/EDA

Primary LanguageJupyter Notebook

EDA(Exploratory Data Analysis)

Retrieving Data

You can retrieve data from multiple sources:

  • SQL databases

  • NoSQL databases

  • APIs

  • Cloud data sources

The two most common formats for delimited data flat files are comma-separated (csv) and tab-separated (tsv). It is also possible to use special characters as separators.

SQL represents a set of relational databases with fixed schemas.

Reading in Database Files

The steps to read a database file using the SQLite library are:

  • Create a path variable that references the path to your database

  • Create a connection variable that references the connection to your database

  • Create a query variable that contains the SQL query that reads in the data table from your database

  • Create an observations variable to assign the read_sql functions from the panda's package

  • Create a tables variable to read in the data from the table sqlite_master

  • JSON files are a standard way to store data across platforms. Their structure is similar to Python dictionaries.

  • NoSQL databases are not relational and vary more in structure. Most NoSQL databases store data in JSON format.

Data Cleaning

Data Cleaning is important because messy data will lead to unreliable outcomes. Some common issues that make data messy are duplicate or unnecessary data, inconsistent data and typos, missing data, outliers, and data source issues.

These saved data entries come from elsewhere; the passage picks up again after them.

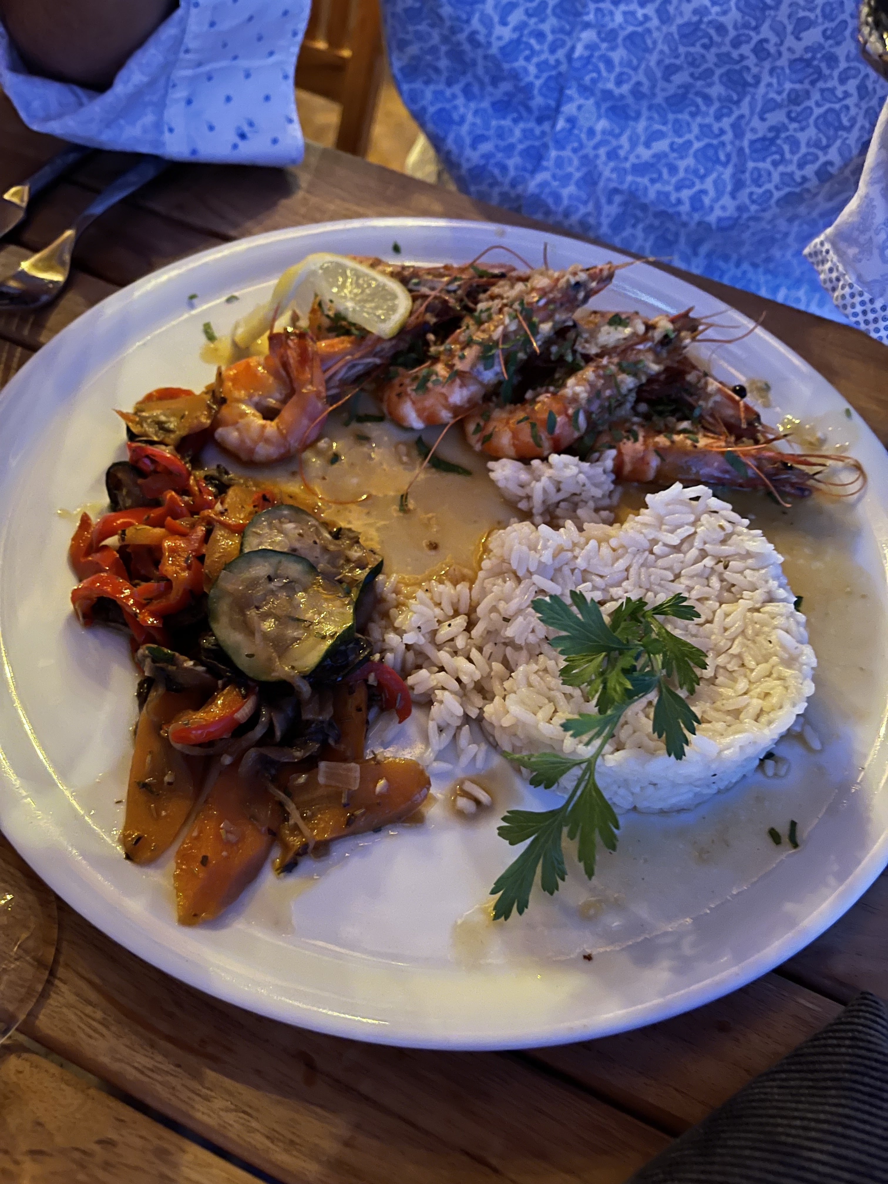 Quelle belle soirée à cette charmante paillote .. la cuisine est délicieuse et l’assiette de la mer très copieuse !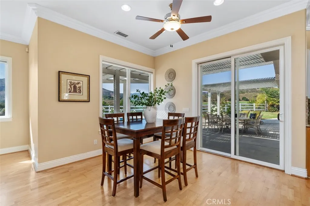 PRICE REDUCTION. This property is located on almost 10 acres in the desirable De Luz community with a 3963 sq.ft. main house plus a 1400 sq.ft. detached guest house. Both homes have amazing views and breathtaking sunsets including views of the local Cross Creek golf course. Other features include a swimming pool and spa, an organic avocado and citrus grove, family orchard, a huge RV garage and a great location with an easy drive to town. The custom built main home has 12ft. high ceilings in the entry with 10ft. ceilings throughout. Features throughout the main house includes wood flooring, custom quality crown molding,built in cabinets and was specifically designed to enjoy the views from almost every room providing lots of natural light throughout. The well designed kitchen includes a large island, granite countertops, newer appliances including double ovens and a sub zero refrigerator plus lots of cabinetry and storage and a walk in pantry. The comfortable family room features a custom built fireplace encased by built in cabinets on either side. The huge private master suite overlooks and opens to the landscaped fenced backyard and pool and spa area. There is a lovely separate formal living room and dining room plus an office with built in cabinets and book shelves. The 4th bedroom with an en suite bathroom is upstairs. Other features include a new water filtration system, newer AC units plus central vac system. The guest house was built in 2006. It features a living room, totally self contained kitchen, two bedrooms plus a full bathroom. It also has an outdoor enclosed l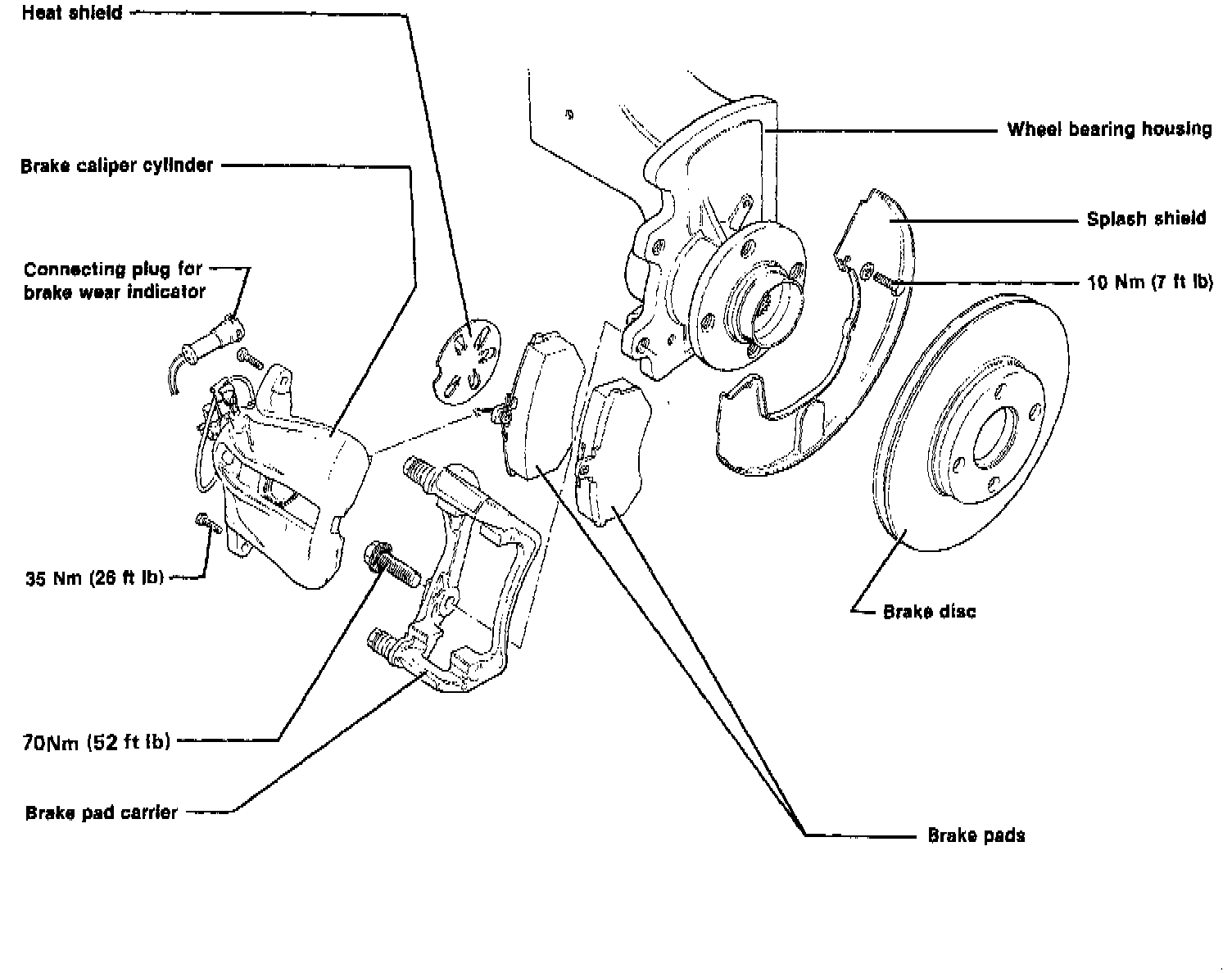 10. Upon reassembly after heat protection plate replacement, depress brake pedal firmly several times while vehicle is stationary to permit piston and brake pads to adjust to disc.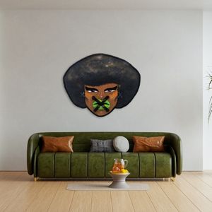 Elle représente un visage féminin au regard intense, impossible à ignorer.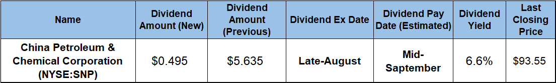 Sinopec has not yet declared an ex-dividend date for its upcoming distribution, but based on its past records, a late August to early September ex-date can be expected. The payout date for the dividend should be sometime in mid-September.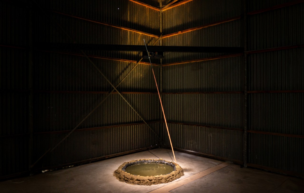 Portal, 2025, 3.5m x 1.5m x1.5m, wood, plaster, silicone, motor, mirror, water, bricks, builders plastic, clay from local property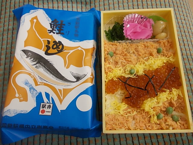 北海道内の駅弁の中でも、個人的には遠軽のかにめしと並んで好きなのが、こちらの駅で販売されている駅弁です。数種類が販売されていますが、個人的なおススメは鮭めしで、イクラや錦糸卵、鮭のほぐし身がストライプに盛られたデザインは見た目にも美しく、また昔から包装のデザインも変わっていないのが、変貌著しくて最近では興ざめすることが多い駅弁の世界の中で、とてもホッとする駅弁です。尚、駅売りの営業時間は意外と短いのですが、売り場が閉まっている時でも、お弁当が出来ていれば電話をしてすぐに持って来てくれます。心配な方は事前に予約されておくことをお勧めしますが、今までの経験では、大概現地に到着してから電話をしても、10分以内に持って来てくれます。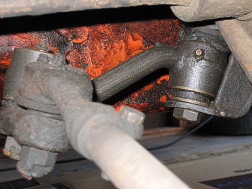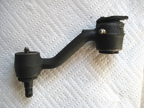 Install the new idler arm from your PST kit. Our old one is shown on the left below. Install the bolt with the nut on the bottom. Tighten the nut to 65 foot-pounds and install the cotter pin. Place the idler arm stud through the center link and tighten the nut to 40 foot-pounds. Install the cotter pin. At right below is the new idler arm installed on the car.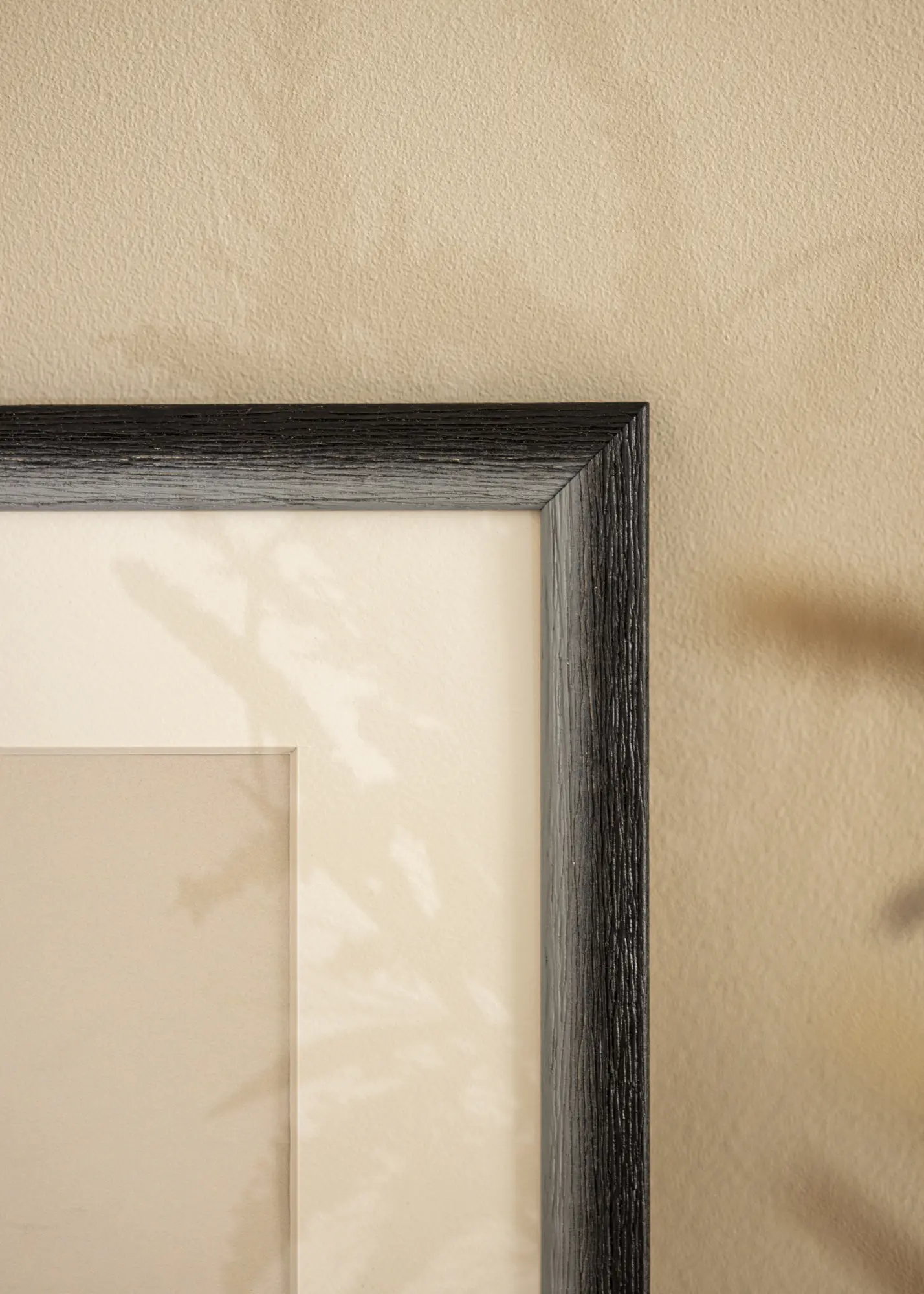 Nosso quadro por encomenda Cornwall Preto é a escolha perfeita para quem busca uma moldura elegante e dinâmica. Com uma transição de cores elegante de cinza claro para preto profundo, esta moldura oferece uma expressão sofisticada que se adapta à maioria dos ambientes. A estrutura de madeira proeminente com veios claros oferece uma sensação rústica e reforça o caráter natural do material.

You can identify duplicate or unnecessary data common policies to deal with missing data are:

  • remove a row with missing columns
  • impute the missing data
  • and mask the data by creating a category for missing values.

Common methods to find outliers are: through plots, statistics, or residuals.

Common policies to deal with outliers are:

  • remove outliers, impute them, use a variable transformation, or use a model that is resistant to outliers.